#### Supplied data

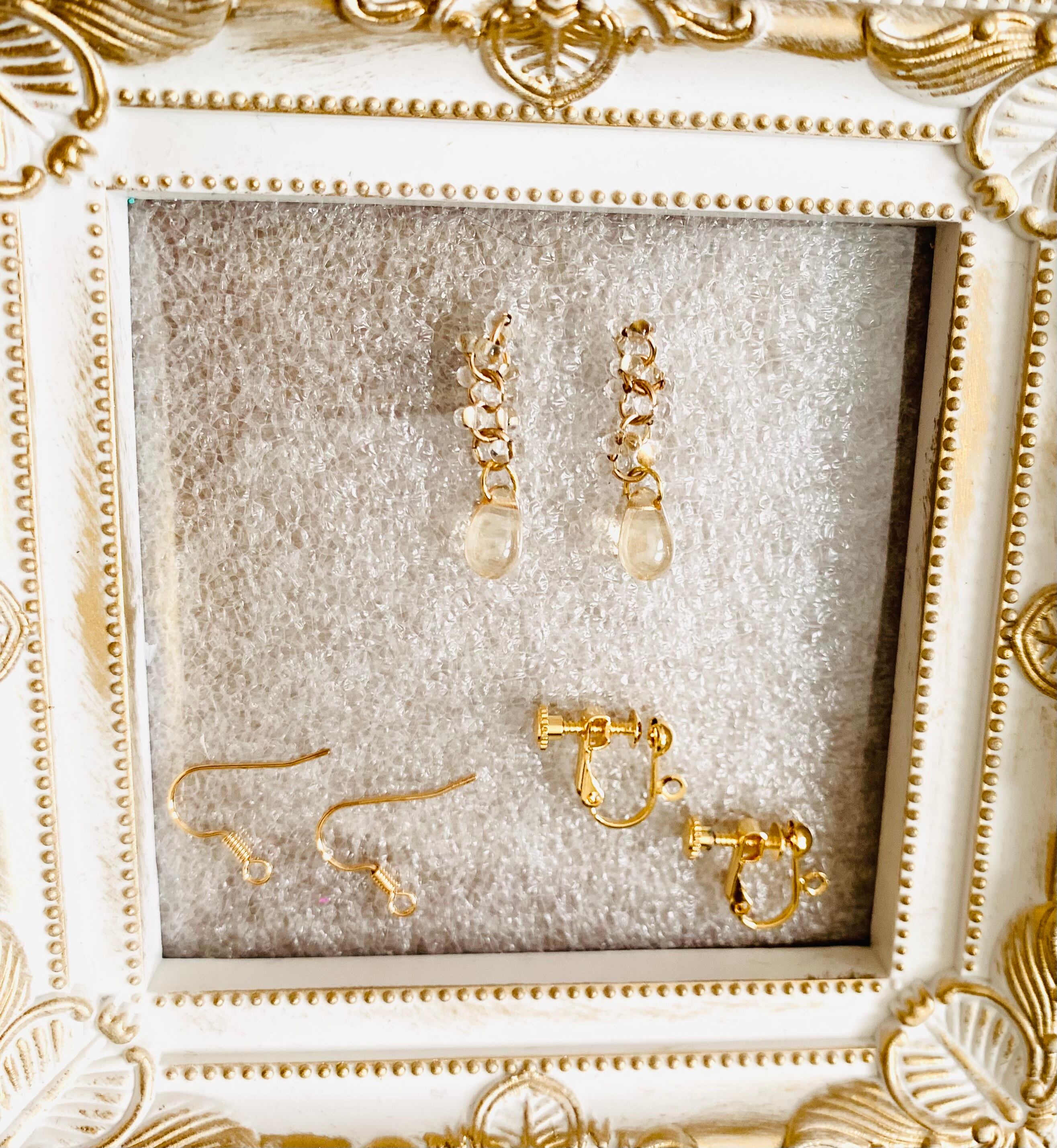 ご注文時にイヤリング、ピアス、チタンピアスをお選びいただけます。
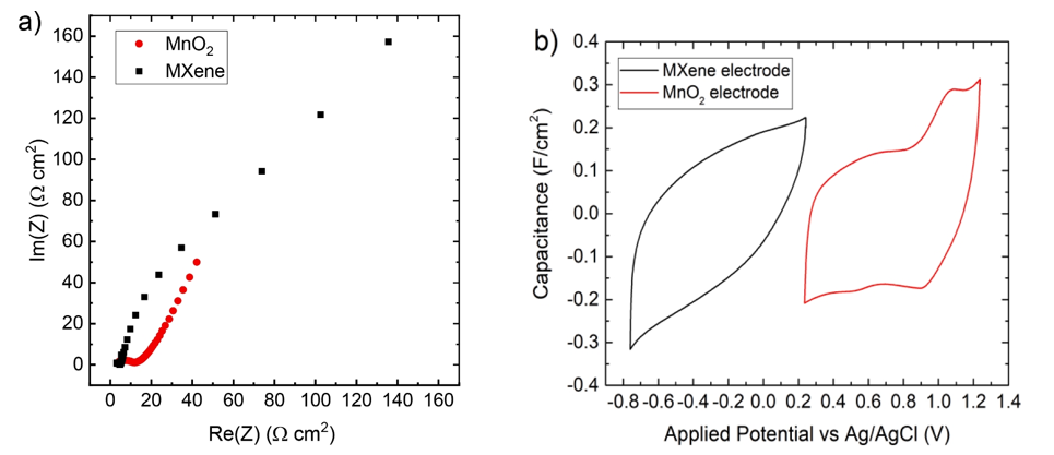 在過去的幾年里,物聯(lián)網(wǎng)已經(jīng)成為一個重要的技術(shù)、社會和經(jīng)濟話題。其中一個主要影響是小型儲能設(shè)備對能量和功率密度的高需求。在該領(lǐng)域,激光誘導(dǎo)石墨烯(LIG)已成為制造柔性微型超級電容器的一種很有發(fā)展前景的材料。這種材料的性能局限性在于其有限的表面積和相對較低的導(dǎo)電性。在這項工作中,我們通過電泳修飾其表面來提高LIG超級電容器的性能:一個電極將用金屬氮化物和金屬碳化物(MXenes)修飾,另一個電極用氧化錳修飾。這兩種材料具有可觀的電導(dǎo)率和贗電容。在兩個電極上分別進行了電化學(xué)測量。充電平衡后,將設(shè)備密封在袋中進行測試。
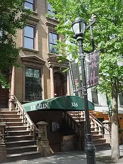 Joe Allen is an American restaurant known as a Broadway meeting place for working actors, theater staff and fans – very much an industry institution. The restaurant is located on West 46th Street in Hell's Kitchen, Manhattan, and was opened in 1965 by a restaurateur of the same name.[1][2] Joe Allen is known for having its wall lined with posters of Broadway flops such as Laughing Room Only, Moose Murders, and Dance of the Vampires.[3] The restaurant featured in scenes in the films No Way to Treat a Lady (1968) and Woody Allen's Melinda and Melinda (2004).
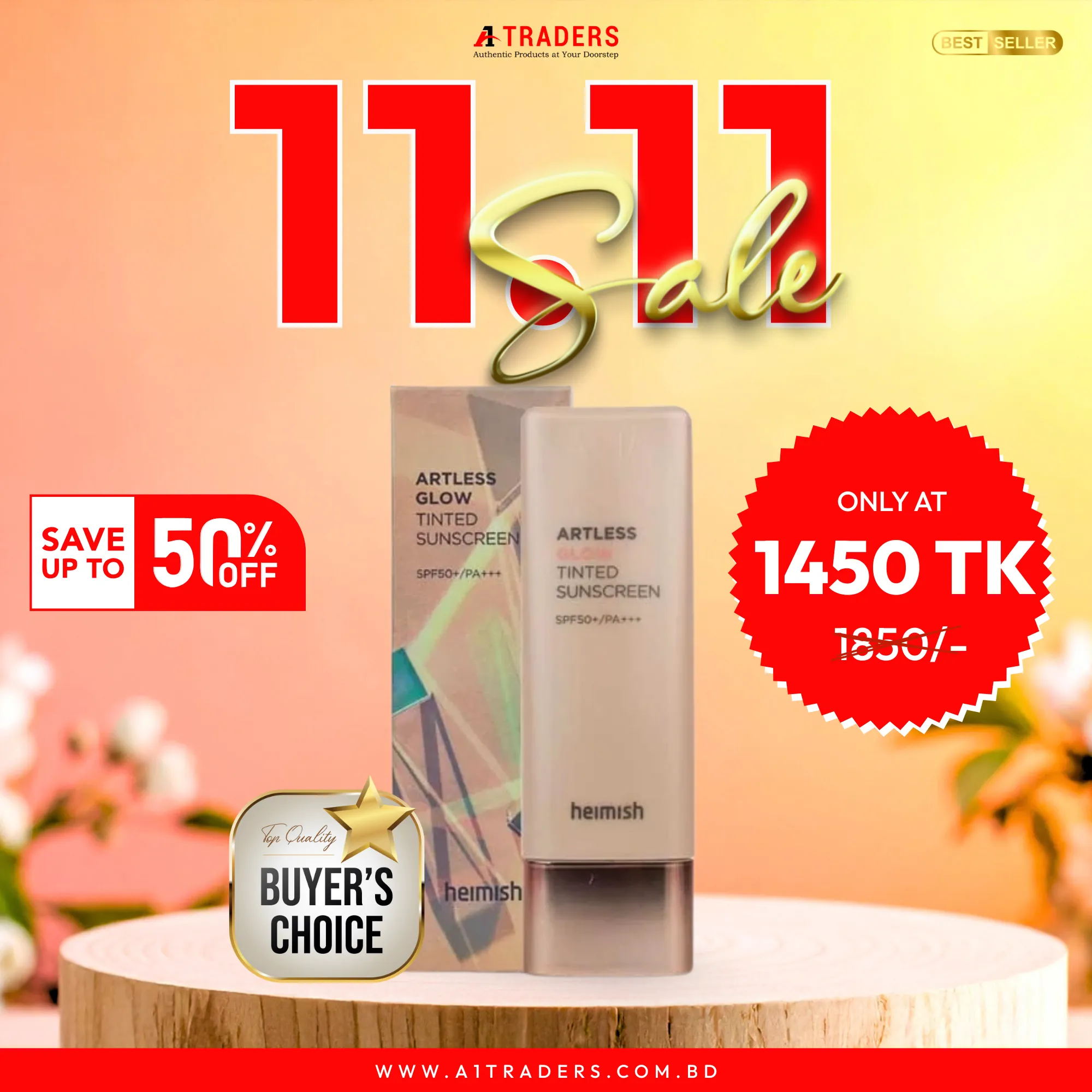 Get your authentic Heimish Artless Glow Tinted Sunscreen Shine Beige SPF50+ PA+++ (40ml) from A1 Traders Bangladesh, your trusted source for genuine Korean beauty products.

########

Try it:
An exact transcription is needed of the lines from the one with "在過去的幾年里,物聯(liá" to the one with "Joe Allen is an" above, both ends included, with pictures left out.

Response to this task:
 在過去的幾年里,物聯(lián)網(wǎng)已經(jīng)成為一個重要的技術(shù)、社會和經(jīng)濟話題。其中一個主要影響是小型儲能設(shè)備對能量和功率密度的高需求。在該領(lǐng)域,激光誘導(dǎo)石墨烯(LIG)已成為制造柔性微型超級電容器的一種很有發(fā)展前景的材料。這種材料的性能局限性在于其有限的表面積和相對較低的導(dǎo)電性。在這項工作中,我們通過電泳修飾其表面來提高LIG超級電容器的性能:一個電極將用金屬氮化物和金屬碳化物(MXenes)修飾,另一個電極用氧化錳修飾。這兩種材料具有可觀的電導(dǎo)率和贗電容。在兩個電極上分別進行了電化學(xué)測量。充電平衡后,將設(shè)備密封在袋中進行測試。
 Joe Allen is an American restaurant known as a Broadway meeting place for working actors, theater staff and fans – very much an industry institution. The restaurant is located on West 46th Street in Hell's Kitchen, Manhattan, and was opened in 1965 by a restaurateur of the same name.[1][2] Joe Allen is known for having its wall lined with posters of Broadway flops such as Laughing Room Only, Moose Murders, and Dance of the Vampires.[3] The restaurant featured in scenes in the films No Way to Treat a Lady (1968) and Woody Allen's Melinda and Melinda (2004).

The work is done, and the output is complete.